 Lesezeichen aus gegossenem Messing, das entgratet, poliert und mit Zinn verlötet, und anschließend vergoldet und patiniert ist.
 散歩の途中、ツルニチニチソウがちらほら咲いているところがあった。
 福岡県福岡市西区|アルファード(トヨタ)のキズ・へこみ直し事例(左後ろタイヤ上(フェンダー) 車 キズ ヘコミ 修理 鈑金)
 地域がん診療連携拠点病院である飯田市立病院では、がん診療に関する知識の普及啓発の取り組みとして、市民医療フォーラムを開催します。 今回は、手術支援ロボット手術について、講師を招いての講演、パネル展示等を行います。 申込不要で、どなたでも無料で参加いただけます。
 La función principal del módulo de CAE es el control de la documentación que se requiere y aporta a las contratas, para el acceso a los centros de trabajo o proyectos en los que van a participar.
● ● ● ● ● ● ●
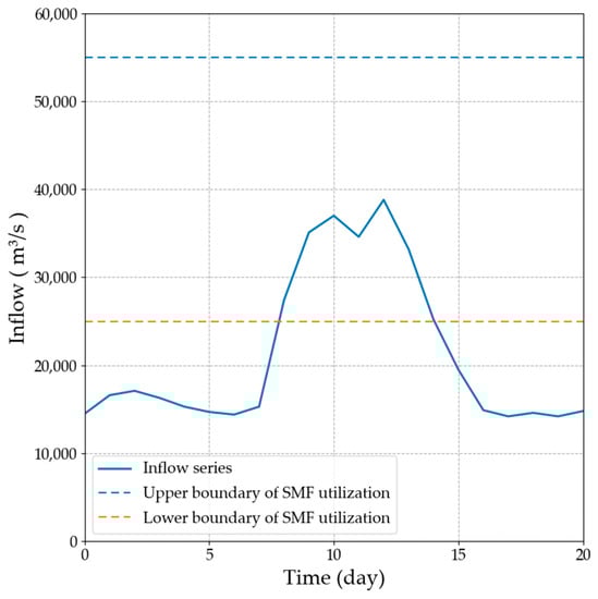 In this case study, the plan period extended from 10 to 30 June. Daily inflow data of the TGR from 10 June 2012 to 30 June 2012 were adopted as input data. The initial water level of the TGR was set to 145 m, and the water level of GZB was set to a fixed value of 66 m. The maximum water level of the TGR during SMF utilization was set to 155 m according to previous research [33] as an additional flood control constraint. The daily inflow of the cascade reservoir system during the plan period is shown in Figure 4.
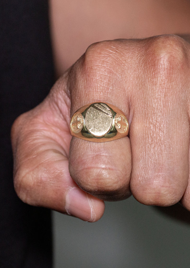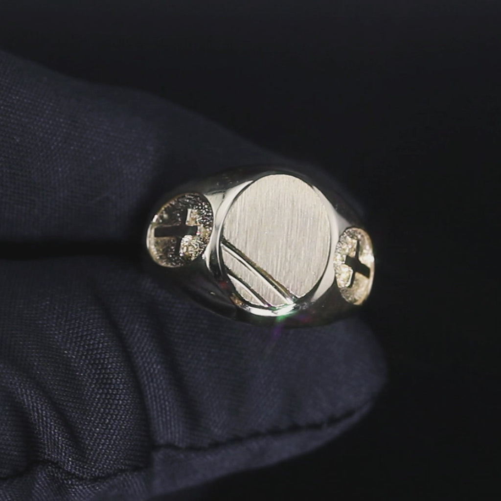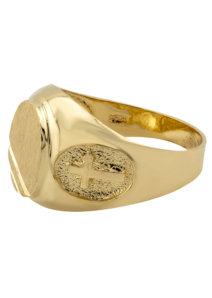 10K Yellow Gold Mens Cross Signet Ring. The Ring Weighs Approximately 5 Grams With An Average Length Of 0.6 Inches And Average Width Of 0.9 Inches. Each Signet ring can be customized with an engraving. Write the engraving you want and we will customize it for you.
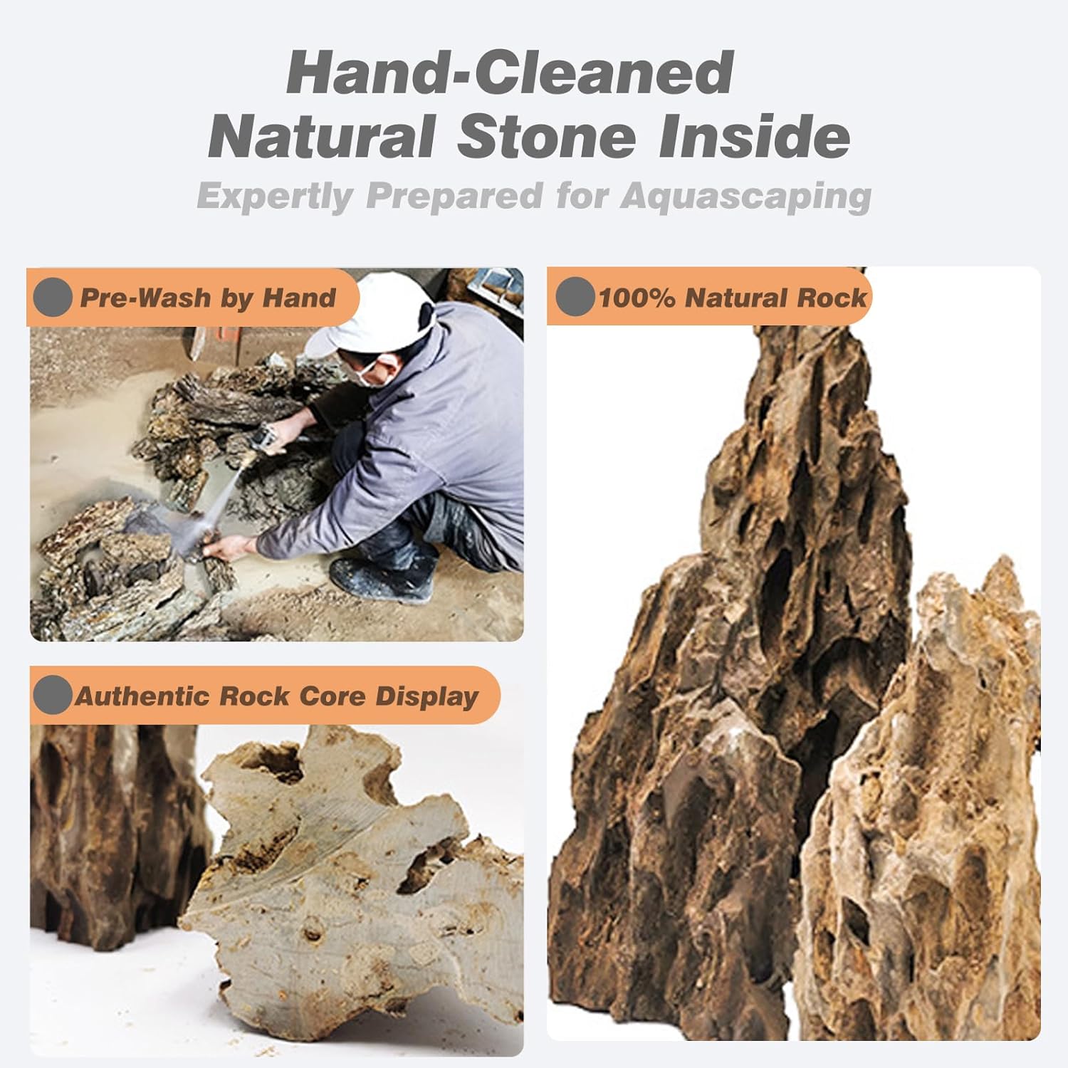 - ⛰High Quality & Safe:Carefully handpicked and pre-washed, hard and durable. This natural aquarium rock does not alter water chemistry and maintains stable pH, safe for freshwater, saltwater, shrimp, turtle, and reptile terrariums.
● ● ● ● ● ● ●
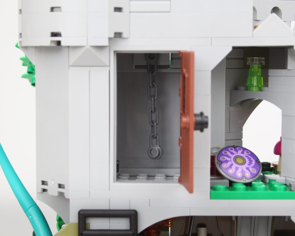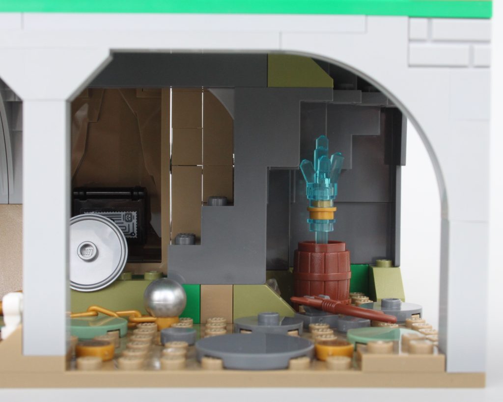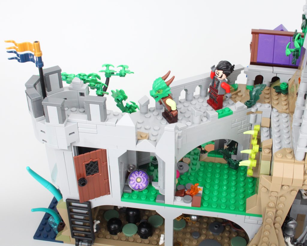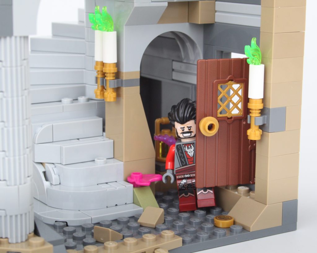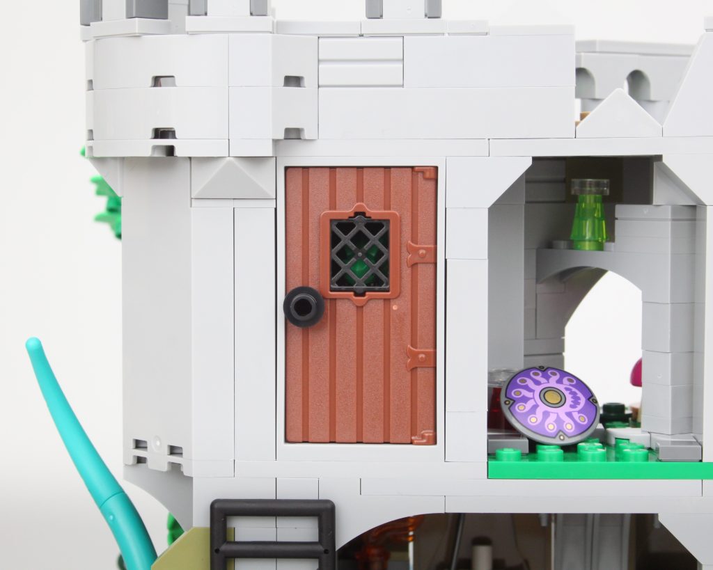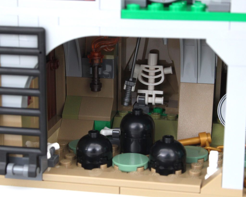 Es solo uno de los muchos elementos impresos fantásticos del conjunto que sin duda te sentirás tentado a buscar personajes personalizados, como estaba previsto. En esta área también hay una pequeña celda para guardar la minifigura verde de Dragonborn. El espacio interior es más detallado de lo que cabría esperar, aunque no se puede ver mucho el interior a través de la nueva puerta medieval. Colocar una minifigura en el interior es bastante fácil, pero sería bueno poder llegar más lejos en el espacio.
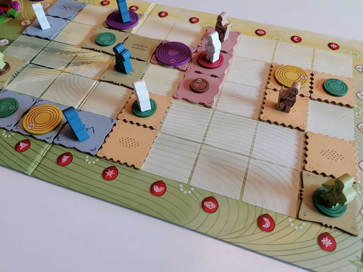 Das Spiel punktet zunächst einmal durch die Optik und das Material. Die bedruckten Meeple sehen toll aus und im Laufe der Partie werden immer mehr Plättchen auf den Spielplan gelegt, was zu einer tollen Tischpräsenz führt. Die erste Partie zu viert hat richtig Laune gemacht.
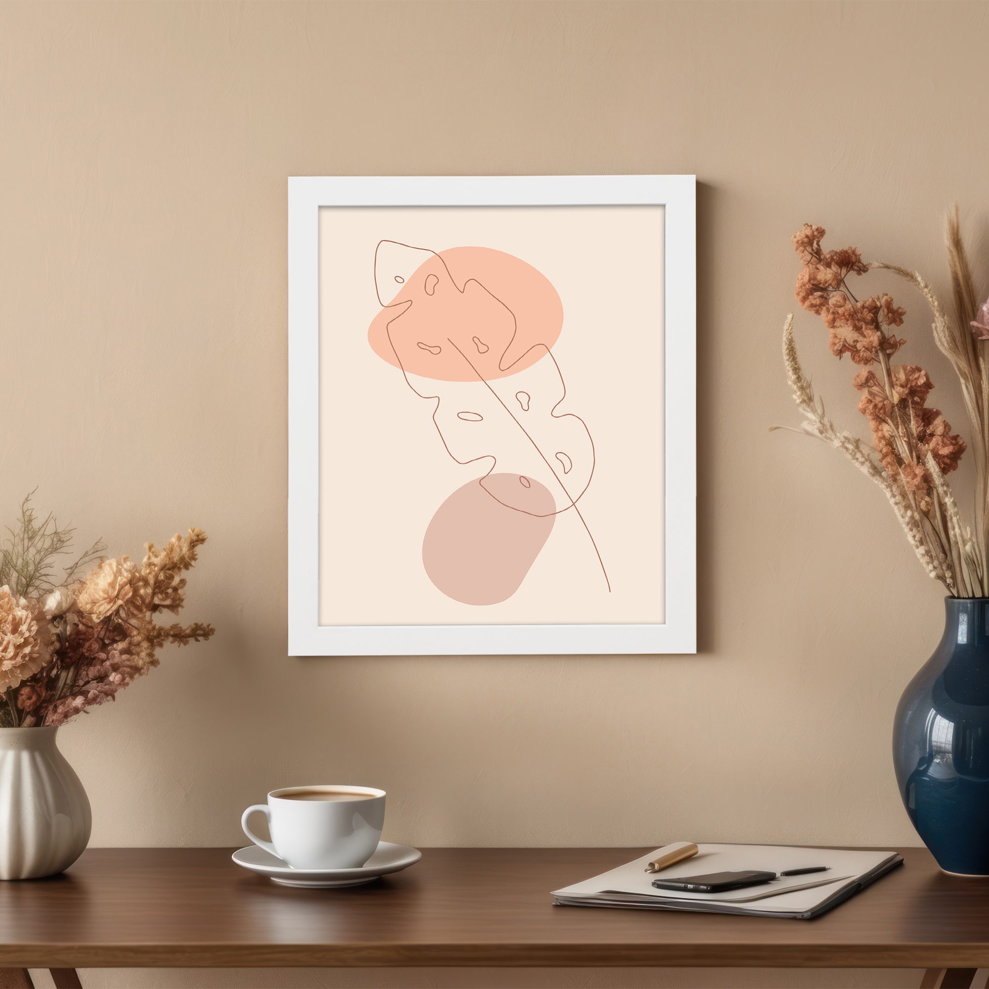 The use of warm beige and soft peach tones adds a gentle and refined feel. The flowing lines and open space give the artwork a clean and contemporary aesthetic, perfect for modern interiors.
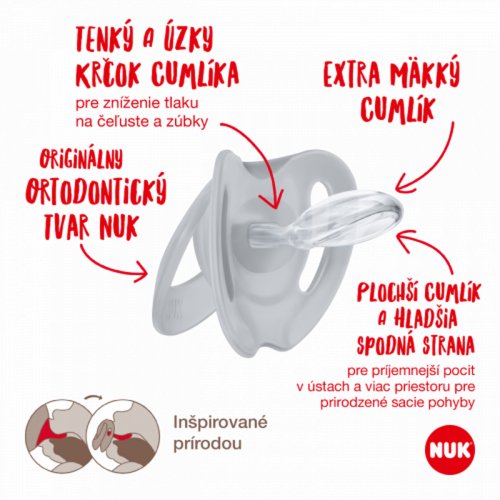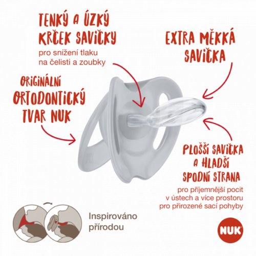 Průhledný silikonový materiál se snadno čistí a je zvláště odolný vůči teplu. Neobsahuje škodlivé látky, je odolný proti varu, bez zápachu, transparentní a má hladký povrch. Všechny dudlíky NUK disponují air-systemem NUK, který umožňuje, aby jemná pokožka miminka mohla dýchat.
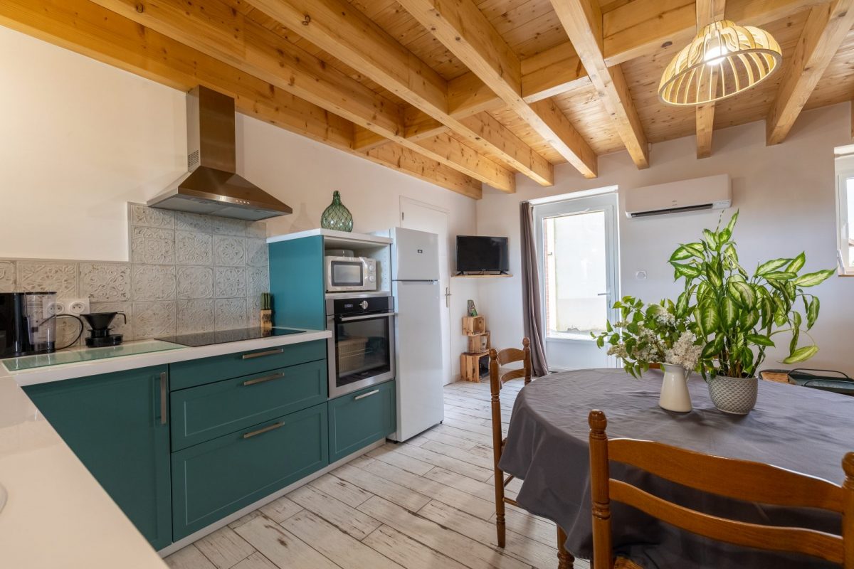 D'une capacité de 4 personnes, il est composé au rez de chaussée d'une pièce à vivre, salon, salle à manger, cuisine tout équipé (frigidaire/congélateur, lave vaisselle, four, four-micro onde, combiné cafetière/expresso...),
● ● ● ● ● ● ●
### EXERCISE DETAILS
Look above for the line with "10K Yellow Gold" and the line with "- ⛰High Quality". Give again exactly those two lines and all lines between them, pictures excluded.

### COMPLETED EXERCISE
 10K Yellow Gold Mens Cross Signet Ring. The Ring Weighs Approximately 5 Grams With An Average Length Of 0.6 Inches And Average Width Of 0.9 Inches. Each Signet ring can be customized with an engraving. Write the engraving you want and we will customize it for you.
 - ⛰High Quality & Safe:Carefully handpicked and pre-washed, hard and durable. This natural aquarium rock does not alter water chemistry and maintains stable pH, safe for freshwater, saltwater, shrimp, turtle, and reptile terrariums.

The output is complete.